= Kelvin Grove Teachers College =

Australian teachers' college

Kelvin Grove Teachers' College was a teacher education institution in Brisbane, established in 1961 as the successor to the Queensland Teachers' Training College. It later became part of the Queensland University of Technology.

==History==
The Brisbane School of Arts was formed in 1849, although it did not take an interest in formal education until the 1880s.

The Queensland Teachers' Training College was established in 1914 with an initial enrolment of 25 students. In 1918 Jeanette Anne Gilbert joined the staff and was granted a year's leave to obtain a Diploma of Education at the University of Melbourne.

In 1923 the college moved to the former Trades Hall on the corner of Edward and Turbot Streets in Brisbane, where it remained until January 1942. The following month, it relocated to the campus of the North Brisbane Intermediate School at Kelvin Grove. At that time, enrolment had increased to 676 students, most of whom were enrolled in the primary teaching course. The student body had also included 72 mature-aged students recruited to address wartime teacher shortages.
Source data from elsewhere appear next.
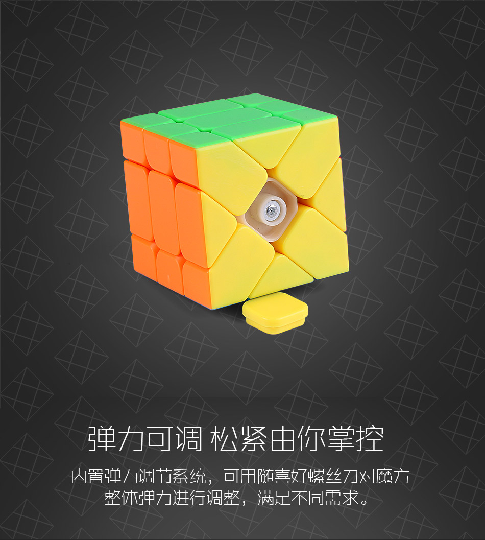 内置弹力调节系统,可用随喜好螺丝刀对魔方整体弹力进行调整,满足不同需求。
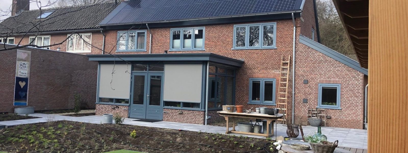 Nieuw dak, 8kW PV geïntegreerd, bron/water WP, Co2 gest. balansventilatie, BG uitgegraven/geïsoleerd, vloerverw. op BG en 1e verd., blowerdoortest, thermografie, van gas los, sfeerhaard op propaan en 10M3 regenwatertank ingegraven voor bereging en toiletspoelen, spouwvulling 2x en speciale kierdichting.
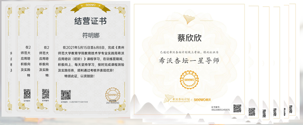 其中优秀摄影作品达155份;有43位同学在希沃公司获得结营证书,13名同学荣获希沃杏坛计划“一星导师”称号。

The institution subsequently underwent a series of name changes: Senior Teachers' Training College (1944), Queensland Teachers' College (1950), Kelvin Grove Teachers' College (1961), Kelvin Grove College of Teacher Education (1974), Kelvin Grove College of Advanced Education (1976), Kelvin Grove Campus of the Brisbane College of Advanced Education (1982), and Kelvin Grove Campus of the Queensland University of Technology (1990).

==Notable alumni==
- Fran Bailey
- Major General Michael Fairweather, AM
- Jeanette Anne Gilbert taught here from 1918 to 1944.
- Alan Jones
- Laurie Lawrence, former Australian Olympic swimming coach and Rugby Union international.